- Required action -
The result should be the lines from the one holding "Ремень мужской кожаный" to the final line of the records below, repeated exactly and with no pictures.

- Input records -
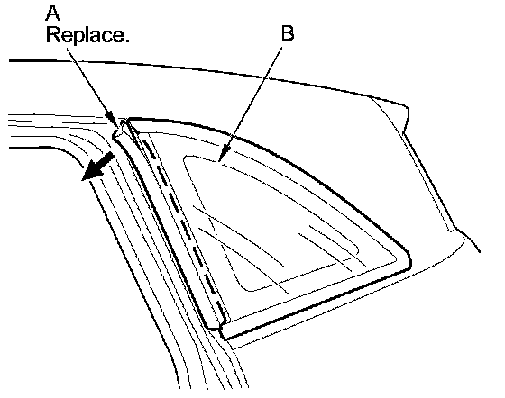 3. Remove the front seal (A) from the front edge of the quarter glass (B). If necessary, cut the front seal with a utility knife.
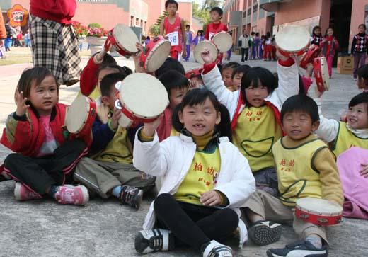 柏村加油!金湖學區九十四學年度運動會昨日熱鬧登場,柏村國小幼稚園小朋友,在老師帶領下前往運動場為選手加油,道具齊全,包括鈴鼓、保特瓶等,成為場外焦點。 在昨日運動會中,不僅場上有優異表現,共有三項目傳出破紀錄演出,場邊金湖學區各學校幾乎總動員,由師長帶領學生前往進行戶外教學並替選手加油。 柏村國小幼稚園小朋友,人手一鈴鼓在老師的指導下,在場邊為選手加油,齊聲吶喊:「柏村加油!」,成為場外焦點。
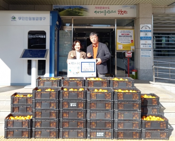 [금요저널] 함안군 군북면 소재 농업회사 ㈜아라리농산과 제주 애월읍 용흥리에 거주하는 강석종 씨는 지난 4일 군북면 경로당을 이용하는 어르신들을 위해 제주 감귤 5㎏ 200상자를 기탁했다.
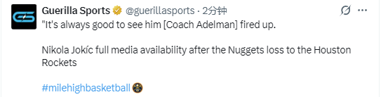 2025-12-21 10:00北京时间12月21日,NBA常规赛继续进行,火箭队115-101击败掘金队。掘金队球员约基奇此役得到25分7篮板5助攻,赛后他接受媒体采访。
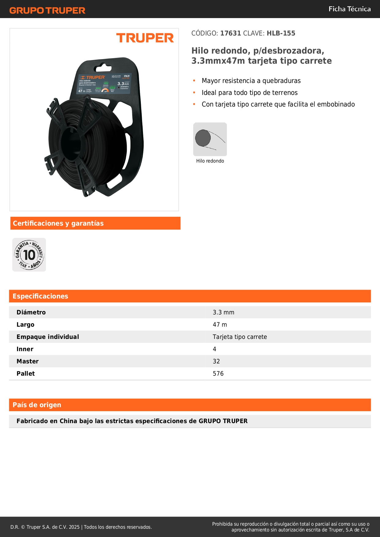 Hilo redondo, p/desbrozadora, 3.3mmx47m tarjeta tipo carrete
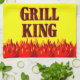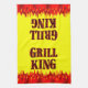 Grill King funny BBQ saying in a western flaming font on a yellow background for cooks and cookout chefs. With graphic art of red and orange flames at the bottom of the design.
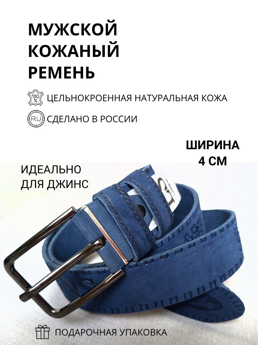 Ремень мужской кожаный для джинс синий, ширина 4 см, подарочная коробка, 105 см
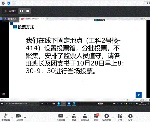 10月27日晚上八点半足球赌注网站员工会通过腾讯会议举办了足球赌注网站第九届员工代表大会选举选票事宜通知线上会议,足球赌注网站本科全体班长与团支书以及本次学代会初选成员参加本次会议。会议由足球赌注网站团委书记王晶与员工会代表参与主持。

- Exercise output -
 Ремень мужской кожаный для джинс синий, ширина 4 см, подарочная коробка, 105 см
 10月27日晚上八点半足球赌注网站员工会通过腾讯会议举办了足球赌注网站第九届员工代表大会选举选票事宜通知线上会议,足球赌注网站本科全体班长与团支书以及本次学代会初选成员参加本次会议。会议由足球赌注网站团委书记王晶与员工会代表参与主持。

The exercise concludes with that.